WHAT THIS TASK INVOLVES:
Each entry is to be reproduced verbatim, and images are to be omitted.

Dataset excerpts:
────────────────────────────────────────

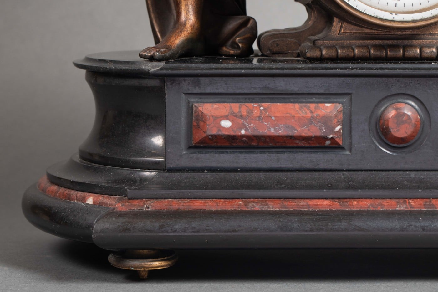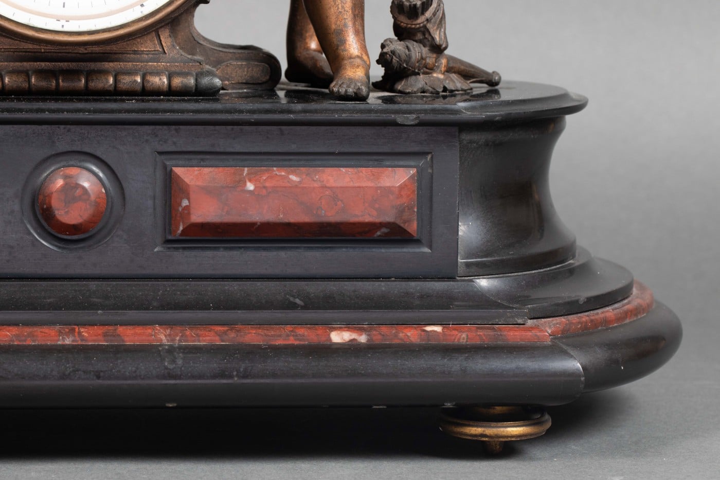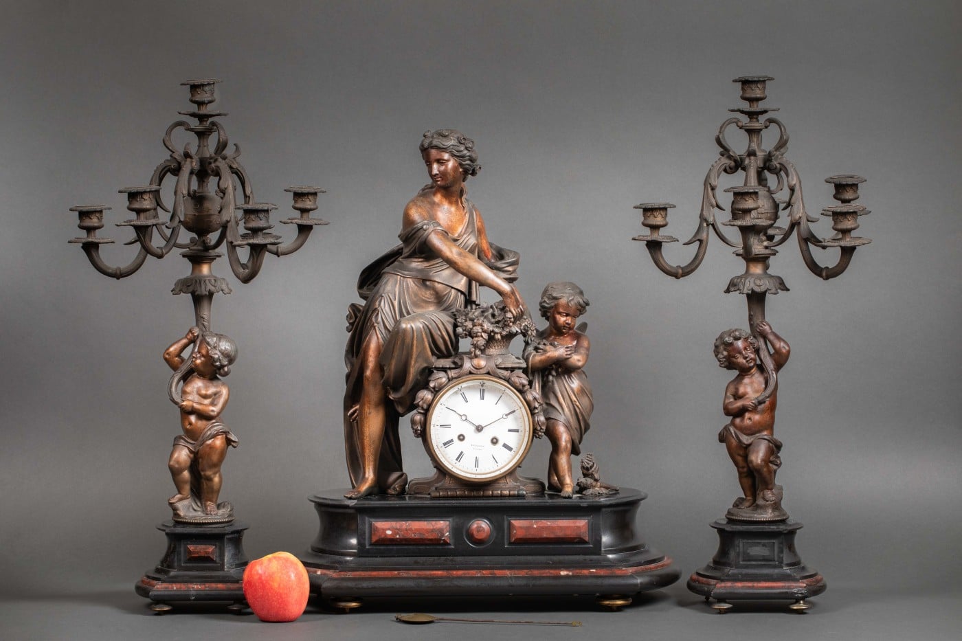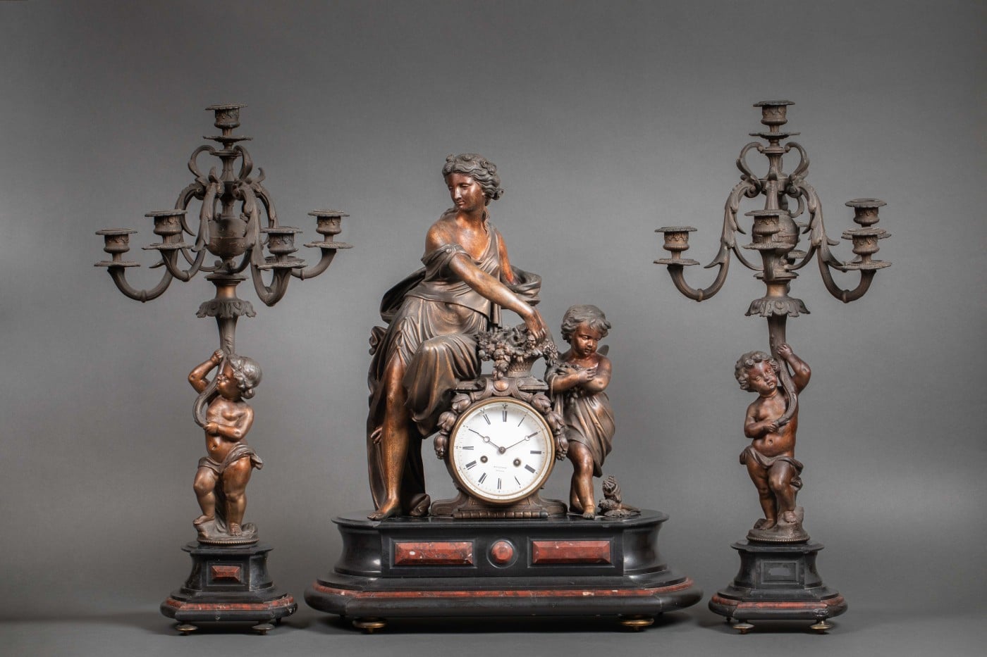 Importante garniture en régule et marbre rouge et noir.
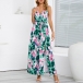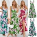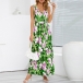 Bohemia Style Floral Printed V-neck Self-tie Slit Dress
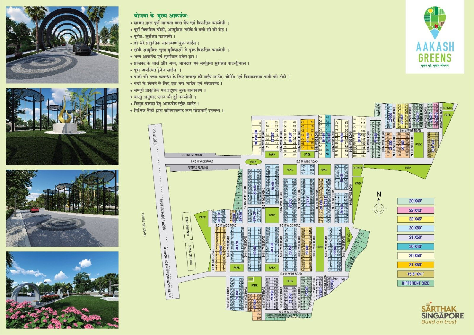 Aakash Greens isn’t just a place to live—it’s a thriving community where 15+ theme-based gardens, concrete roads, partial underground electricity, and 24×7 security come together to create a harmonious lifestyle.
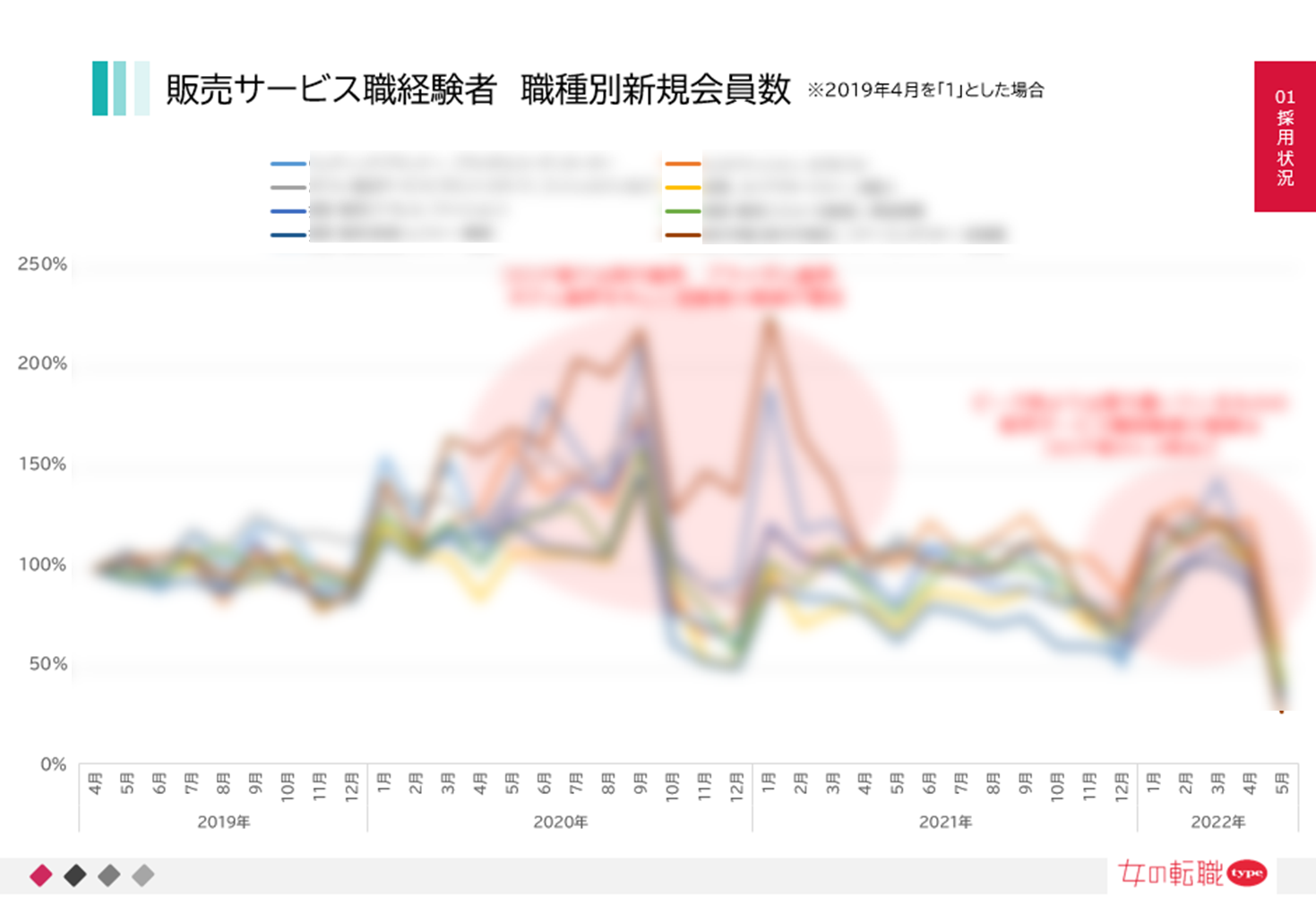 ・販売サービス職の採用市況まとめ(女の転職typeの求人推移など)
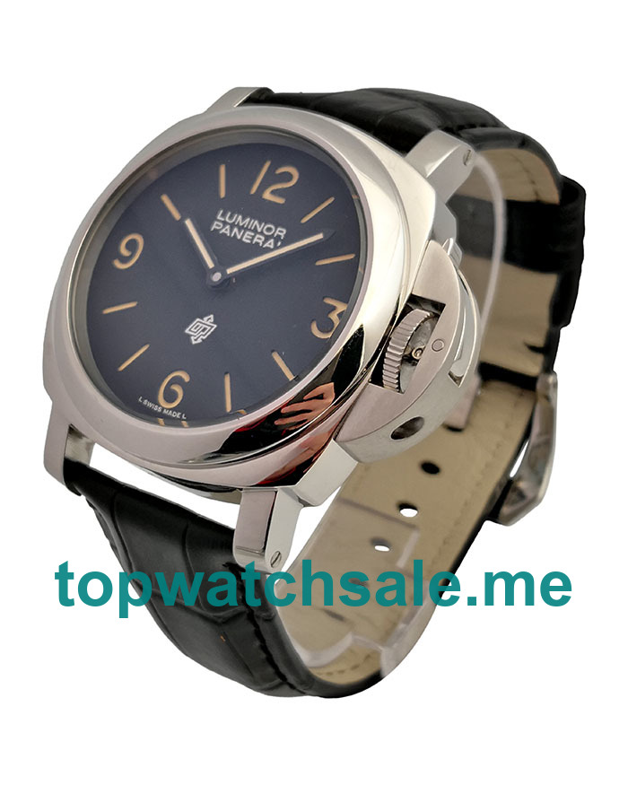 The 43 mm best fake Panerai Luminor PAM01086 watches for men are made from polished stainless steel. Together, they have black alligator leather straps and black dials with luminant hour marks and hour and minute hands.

────────────────────────────────────────

TASK SOLUTION:
 Importante garniture en régule et marbre rouge et noir.
 Bohemia Style Floral Printed V-neck Self-tie Slit Dress
 Aakash Greens isn’t just a place to live—it’s a thriving community where 15+ theme-based gardens, concrete roads, partial underground electricity, and 24×7 security come together to create a harmonious lifestyle.
 ・販売サービス職の採用市況まとめ(女の転職typeの求人推移など)
 The 43 mm best fake Panerai Luminor PAM01086 watches for men are made from polished stainless steel. Together, they have black alligator leather straps and black dials with luminant hour marks and hour and minute hands.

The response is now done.